== DATA SHOWN ==
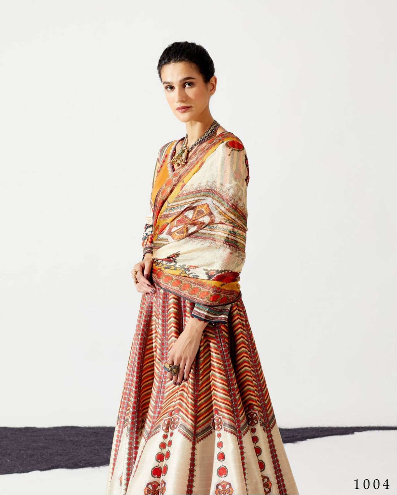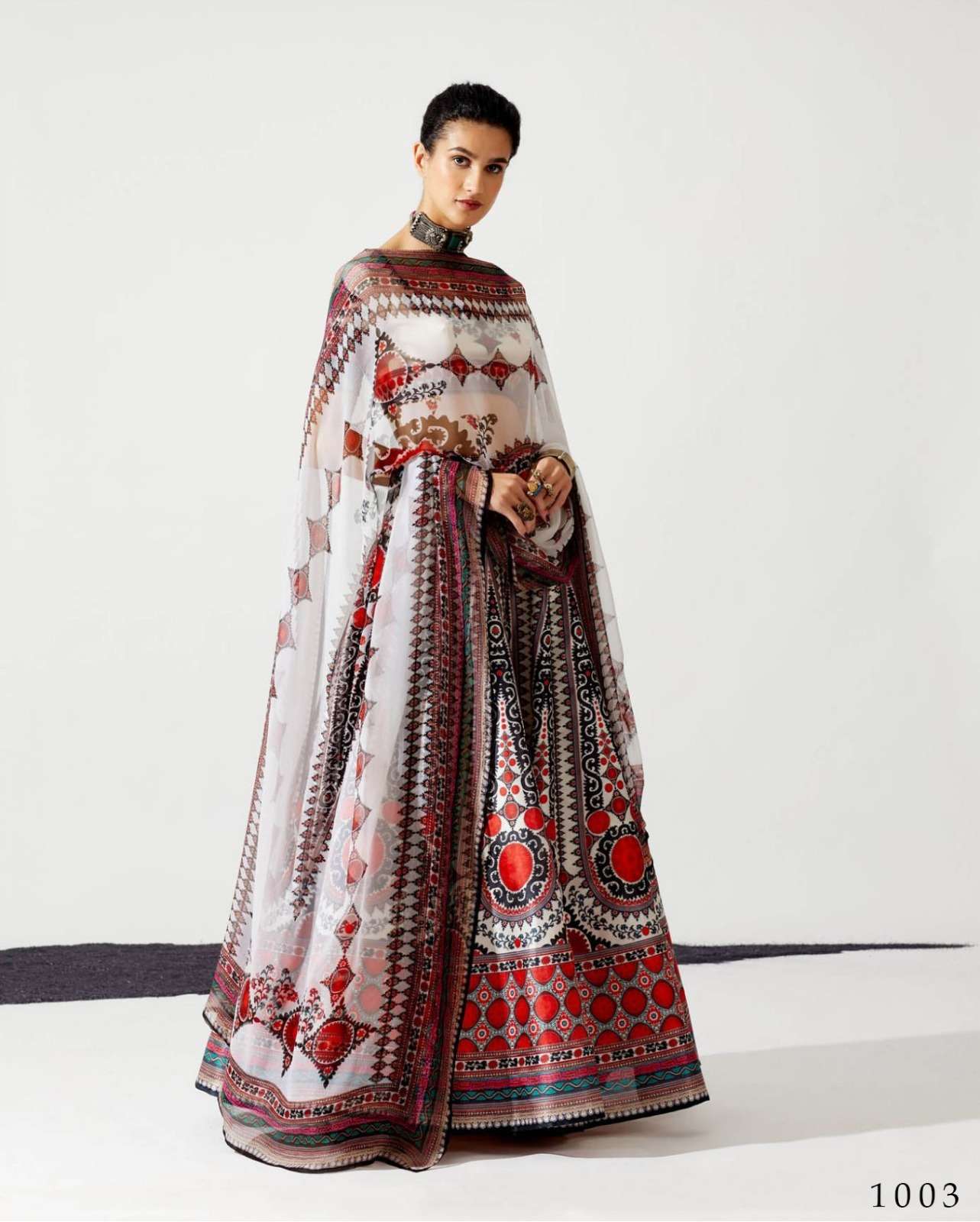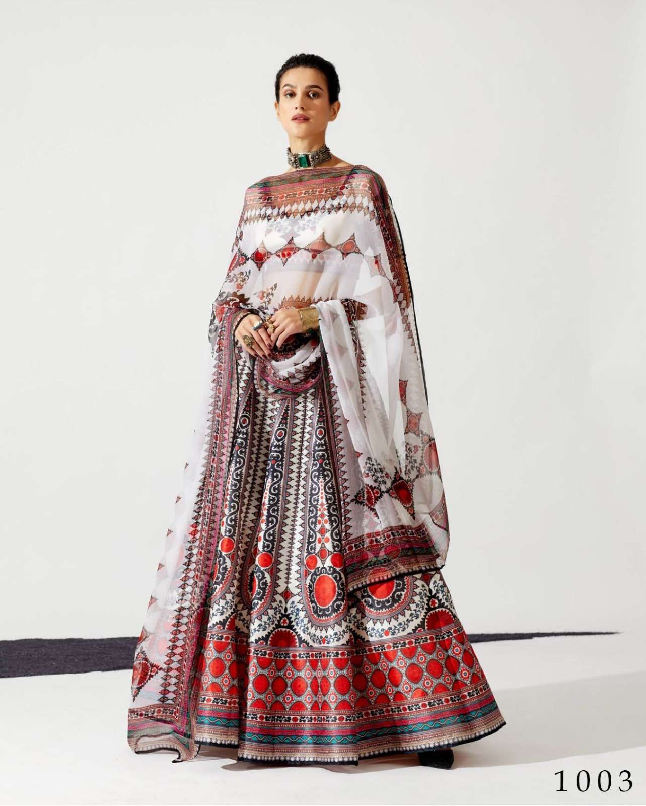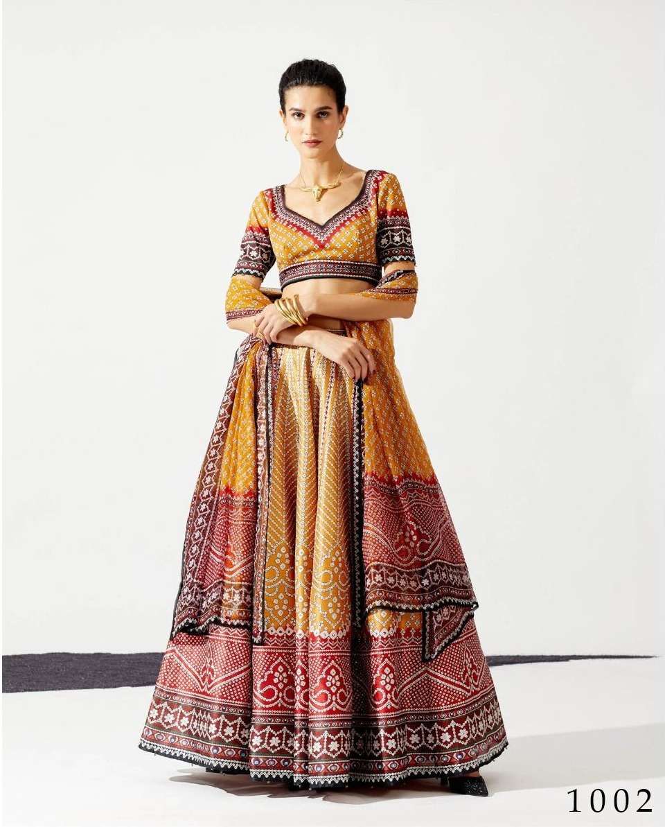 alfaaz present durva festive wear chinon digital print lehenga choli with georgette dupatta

* * *

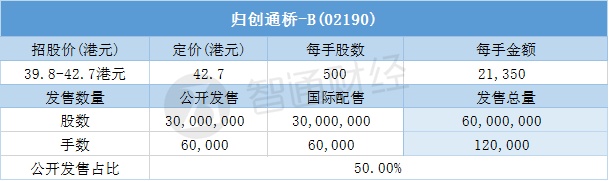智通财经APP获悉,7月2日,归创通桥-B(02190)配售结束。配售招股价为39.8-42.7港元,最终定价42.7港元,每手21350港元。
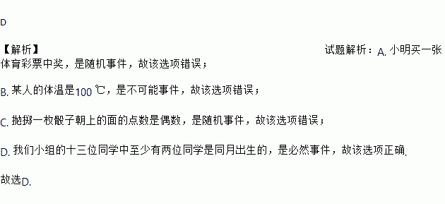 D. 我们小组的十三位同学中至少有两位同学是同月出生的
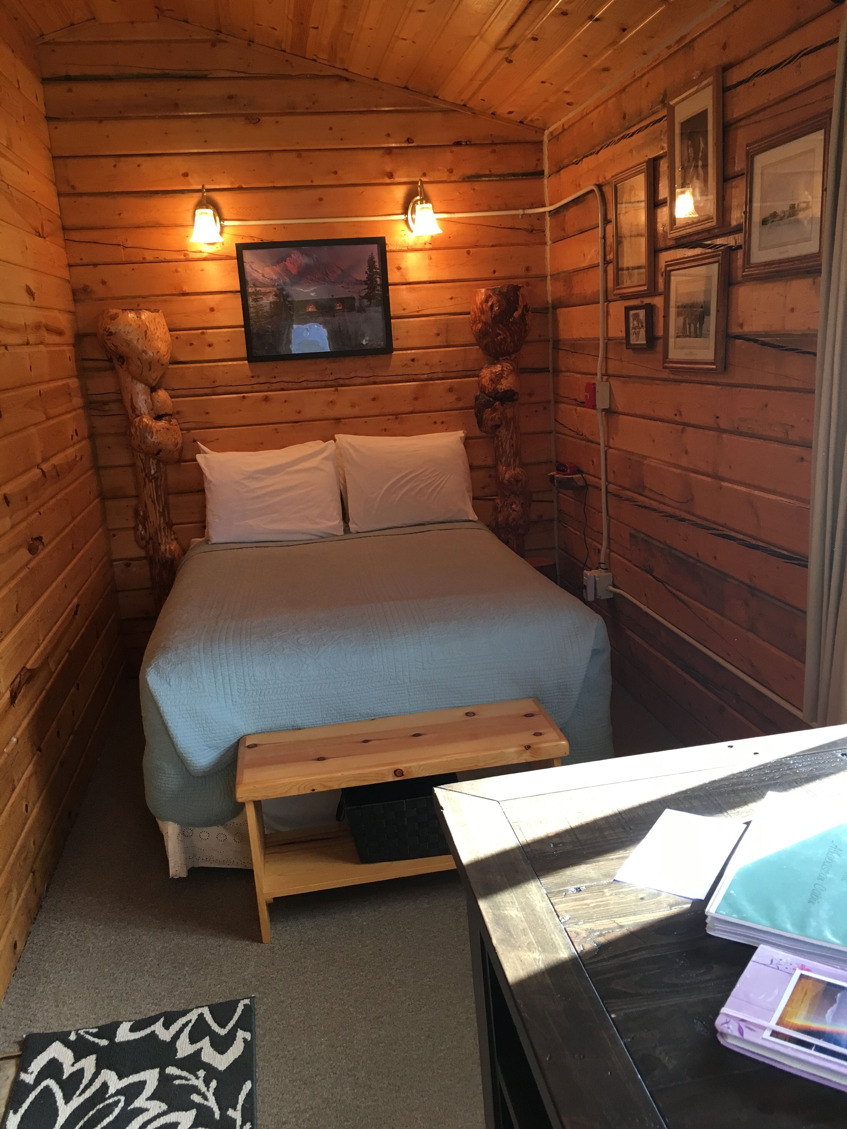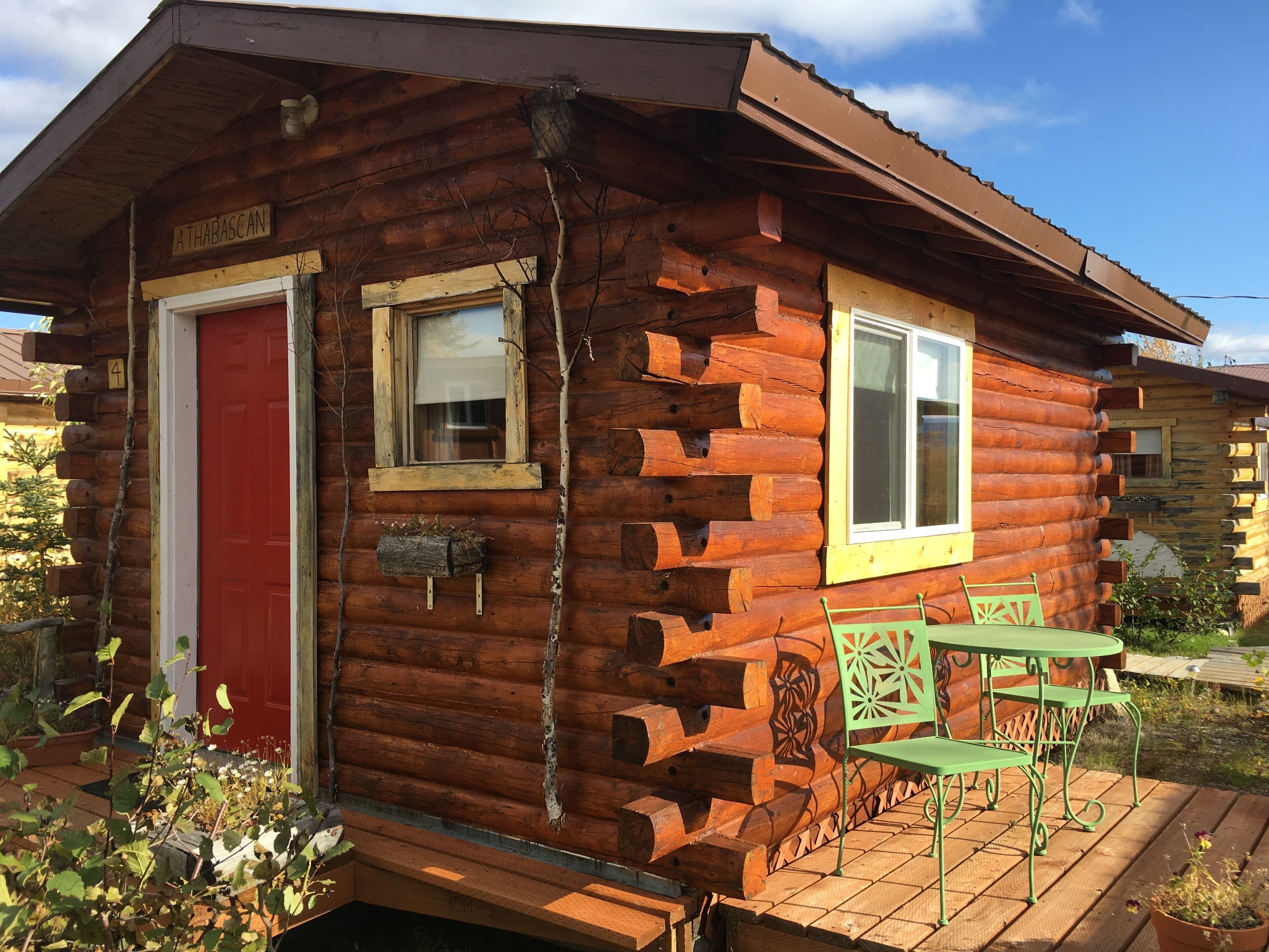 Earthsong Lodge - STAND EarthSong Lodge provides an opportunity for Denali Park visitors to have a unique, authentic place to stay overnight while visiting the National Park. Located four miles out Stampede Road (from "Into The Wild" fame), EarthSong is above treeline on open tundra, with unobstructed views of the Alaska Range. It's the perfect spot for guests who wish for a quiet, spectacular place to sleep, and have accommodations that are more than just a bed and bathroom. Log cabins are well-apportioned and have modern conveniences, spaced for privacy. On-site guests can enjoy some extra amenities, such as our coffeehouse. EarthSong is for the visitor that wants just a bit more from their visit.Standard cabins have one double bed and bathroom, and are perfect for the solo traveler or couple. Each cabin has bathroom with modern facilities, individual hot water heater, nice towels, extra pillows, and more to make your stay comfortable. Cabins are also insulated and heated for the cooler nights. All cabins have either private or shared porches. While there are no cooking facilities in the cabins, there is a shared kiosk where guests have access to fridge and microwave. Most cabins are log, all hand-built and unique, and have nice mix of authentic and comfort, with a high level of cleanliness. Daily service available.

== DIRECTIONS ==
Go to the line above holding "D. 我们小组的十三位同学中至少有两位同学是同月出生的", then copy exactly each line down to and including the one holding "Earthsong Lodge - STAND", leaving pictures out.

== RESPONSE TO THIS TASK ==
 D. 我们小组的十三位同学中至少有两位同学是同月出生的
 Earthsong Lodge - STAND EarthSong Lodge provides an opportunity for Denali Park visitors to have a unique, authentic place to stay overnight while visiting the National Park. Located four miles out Stampede Road (from "Into The Wild" fame), EarthSong is above treeline on open tundra, with unobstructed views of the Alaska Range. It's the perfect spot for guests who wish for a quiet, spectacular place to sleep, and have accommodations that are more than just a bed and bathroom. Log cabins are well-apportioned and have modern conveniences, spaced for privacy. On-site guests can enjoy some extra amenities, such as our coffeehouse. EarthSong is for the visitor that wants just a bit more from their visit.Standard cabins have one double bed and bathroom, and are perfect for the solo traveler or couple. Each cabin has bathroom with modern facilities, individual hot water heater, nice towels, extra pillows, and more to make your stay comfortable. Cabins are also insulated and heated for the cooler nights. All cabins have either private or shared porches. While there are no cooking facilities in the cabins, there is a shared kiosk where guests have access to fridge and microwave. Most cabins are log, all hand-built and unique, and have nice mix of authentic and comfort, with a high level of cleanliness. Daily service available.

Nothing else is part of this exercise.